OBJECTIVES: Profound dengue shock syndrome (DSS) complicated by severe respiratory failure necessitating mechanical ventilation (MV) accounts for high case fatality rates among PICU-admitted patients. A major challenge to management is the assessment of intravascular volume, which can be hampered by severe plasma leakage and the use of MV.

DESIGN: Retrospective cohort, from 2013 to 2021.

PATIENTS: Sixty-seven children with profound DSS supported by MV, some of whom underwent bedside point-of-care ultrasound (POCUS) for assessment and monitoring of hemodynamics and fluid administration.
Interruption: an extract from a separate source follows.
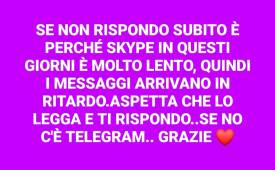 IL MIO VISO C'È SOLO SÉ C'È IL TUO SE NO NO COME IO VEDO TE TU VEDI ME... PAGAMENTI SOLO TRAMITE IL SITO. NON C'È LA LISTA DELLA SPESA ESPOSTA. COPIA IN COLLA . QUINDI BASTA DIRMI COSA. TI PIACE E QUANTO TEMPO DESIDERI STARE. E IO TI DICO...💋💋💋. NO INCONTRI!!!!!SOLO CAM. PS. L' APP TEAMS PURTROPPO LA MAGGIOR PARTE DELLE VOLTE I. MESSAGGI ARRIVANO VISIBILI IN RITARDO ,SÉ NON IL GIORNO DOPO. È PREFERIBILE TELEGRAM O. WHATSAPP....

SETTING: PICU of the tertiary Children's Hospital No. 2 in Vietnam.

INTERVENTIONS: None.

MEASUREMENTS AND MAIN RESULTS: We analyzed data clinical and laboratory data during PICU stay. In particular, during use of MV (i.e., at times 0-, 6-, and 24-hr after commencement) and fluid resuscitation. The primary study outcome was 28-day in-hospital mortality, and the secondary outcomes were associations with changes in hemodynamics, blood lactate, and vasoactive-inotrope score (VIS). Patients had a median age of 7 years (interquartile range, 4-9). Use of POCUS during fluid management (39/67), as opposed to not using (28/67), was associated with lower mortality (6/39 [15%] vs. 18/28 [64%]; difference 49 % [95% CI, 28-70%], p < 0.001). Use of POCUS was associated with lower odds of death (adjusted odds ratio 0.17 [95% CI, 0.04-0.76], p = 0.02). The utilization of POCUS, versus not, was associated with greater use of resuscitation fluid, and reductions in VIS and pediatric logistic organ dysfunction (PELOD-2) score at 24 hours after MV and PICU discharge.

CONCLUSIONS: In our experience of pediatric patients with profound DSS and undergoing MV (2013-2021), POCUS use was associated with lower odds of death, a higher volume of resuscitation fluid, and improvements in the blood lactate levels, VIS, and PELOD-2 score.